Task to complete:
In the data below, the copy begins at the line containing "Great Britain, 1840, Mulready" and runs through the last line; repeat those lines exactly, minus the pictures.
*** Opening Stored data ***
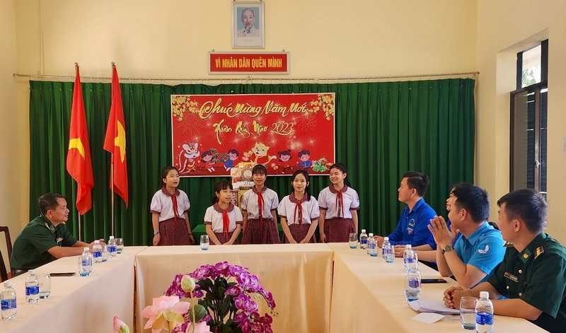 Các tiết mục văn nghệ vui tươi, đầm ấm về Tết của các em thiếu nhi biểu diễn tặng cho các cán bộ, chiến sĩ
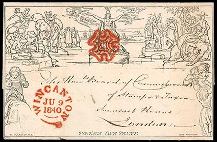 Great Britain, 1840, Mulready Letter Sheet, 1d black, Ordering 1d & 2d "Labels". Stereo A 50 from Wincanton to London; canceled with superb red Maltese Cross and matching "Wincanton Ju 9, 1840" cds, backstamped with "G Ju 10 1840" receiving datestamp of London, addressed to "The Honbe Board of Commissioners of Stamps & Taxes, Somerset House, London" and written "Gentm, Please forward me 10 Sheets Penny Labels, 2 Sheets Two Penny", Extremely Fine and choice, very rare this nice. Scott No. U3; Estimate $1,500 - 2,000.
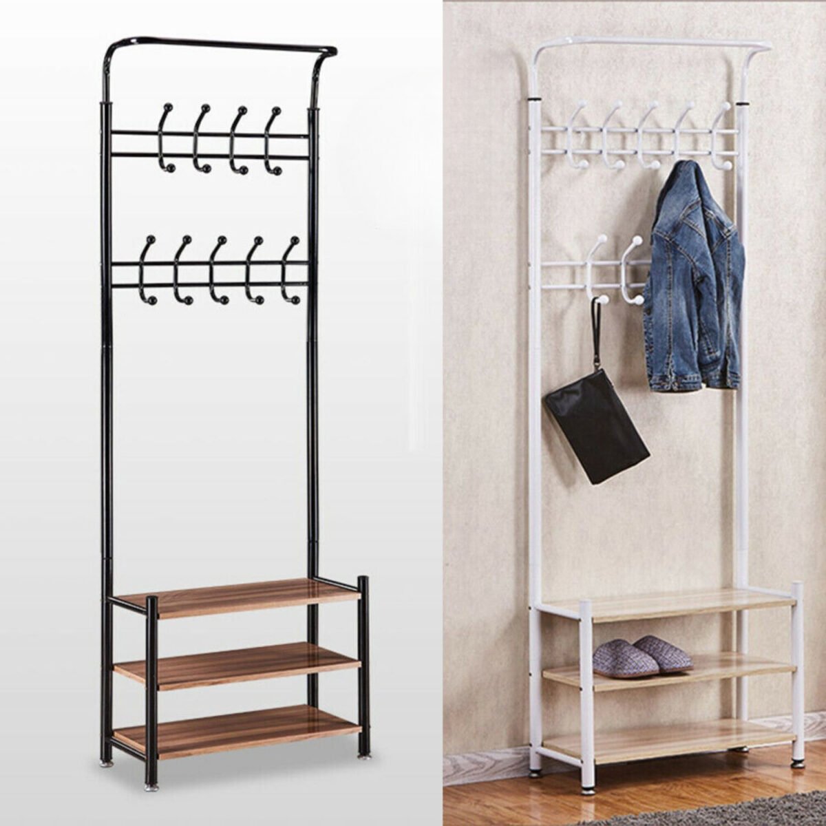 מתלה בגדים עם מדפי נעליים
*** Closing Stored data ***
Response area:
 Great Britain, 1840, Mulready Letter Sheet, 1d black, Ordering 1d & 2d "Labels". Stereo A 50 from Wincanton to London; canceled with superb red Maltese Cross and matching "Wincanton Ju 9, 1840" cds, backstamped with "G Ju 10 1840" receiving datestamp of London, addressed to "The Honbe Board of Commissioners of Stamps & Taxes, Somerset House, London" and written "Gentm, Please forward me 10 Sheets Penny Labels, 2 Sheets Two Penny", Extremely Fine and choice, very rare this nice. Scott No. U3; Estimate $1,500 - 2,000.
 מתלה בגדים עם מדפי נעליים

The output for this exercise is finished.